Allele frequency impacts the cross-ancestry portability of gene expression prediction in lymphoblastoid cell lines

Am J Hum Genet. 2024 Nov 12:S0002-9297(24)00378-1. doi: 10.1016/j.ajhg.2024.10.009. Online ahead of print.

Abstract

Population-level genetic studies are overwhelmingly biased toward European ancestries. Transferring genetic predictions from European ancestries to other ancestries results in a substantial loss of accuracy.

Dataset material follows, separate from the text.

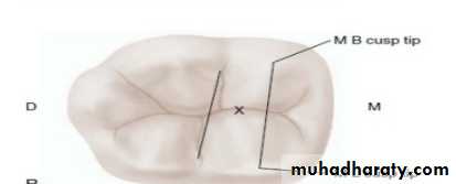 • The final outline form is triangular in shape the base is toward the buccal and the apex is to the lingual, with the canal orifice positioned at each angle of the triangle. The cavity is entirely within the mesial half of the tooth and need not invade the transverse ridge.
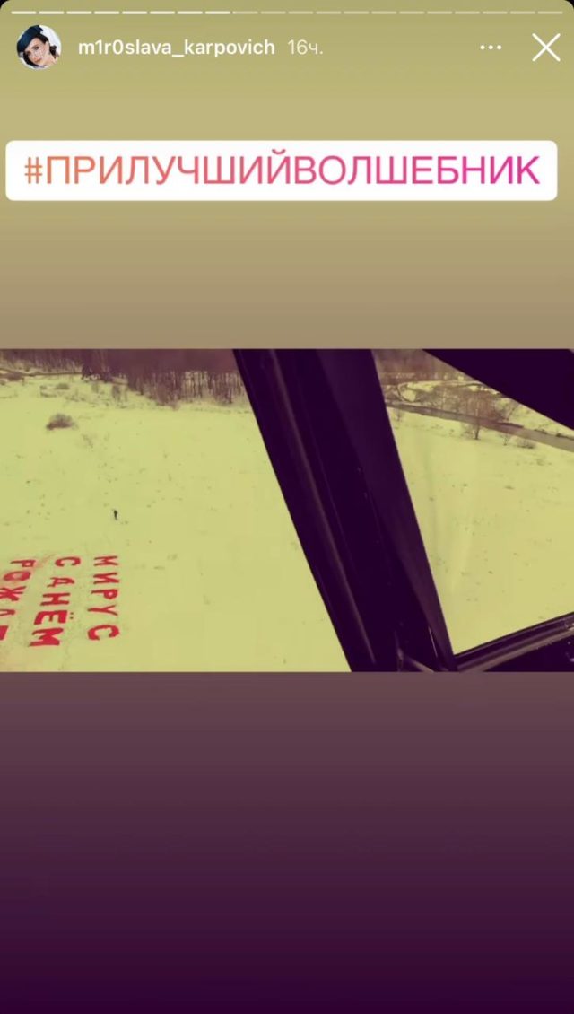 Накануне звезде «Папиных дочек» исполнилось 35 лет и в честь дня рождения Павел Прилучный подготовил ей необычный подарок — полет на вертолете, после взлёта на котором открылась надпись в поле: «Мирус, с днем рождения». И рядом с текстом — огромное сердце. Об этом стало известно из видео, опубликованного в Instagram Мирославы.

Yet, it remains unclear how much various genetic factors, such as causal effect differences, linkage disequilibrium (LD) differences, or allele frequency differences, contribute to the loss of prediction accuracy across ancestries. In this study, we used gene expression levels in lymphoblastoid cell lines to understand how much each genetic factor contributes to lowered portability of gene expression prediction from European to African ancestries. We found that cis-genetic effects on gene expression are highly similar between European and African individuals. However, we found that allele frequency differences of causal variants have a striking impact on prediction portability. For example, portability is reduced by more than 32% when the causal cis-variant is common (minor allele frequency, MAF >5%) in European samples (training population) but is rarer (MAF <5%) in African samples (prediction population). While large allele frequency differences can decrease portability through increasing LD differences, we also determined that causal allele frequency can significantly impact portability when the impact from LD is substantially controlled. This observation suggests that improving statistical fine-mapping alone does not overcome the loss of portability resulting from differences in causal allele frequency. We conclude that causal cis-eQTL effects are highly similar in European and African individuals, and allele frequency differences have a large impact on the accuracy of gene expression prediction.

Keywords: eQTL; expression quantitative trait loci; gene expression; portability; statistical genetics; transcriptome.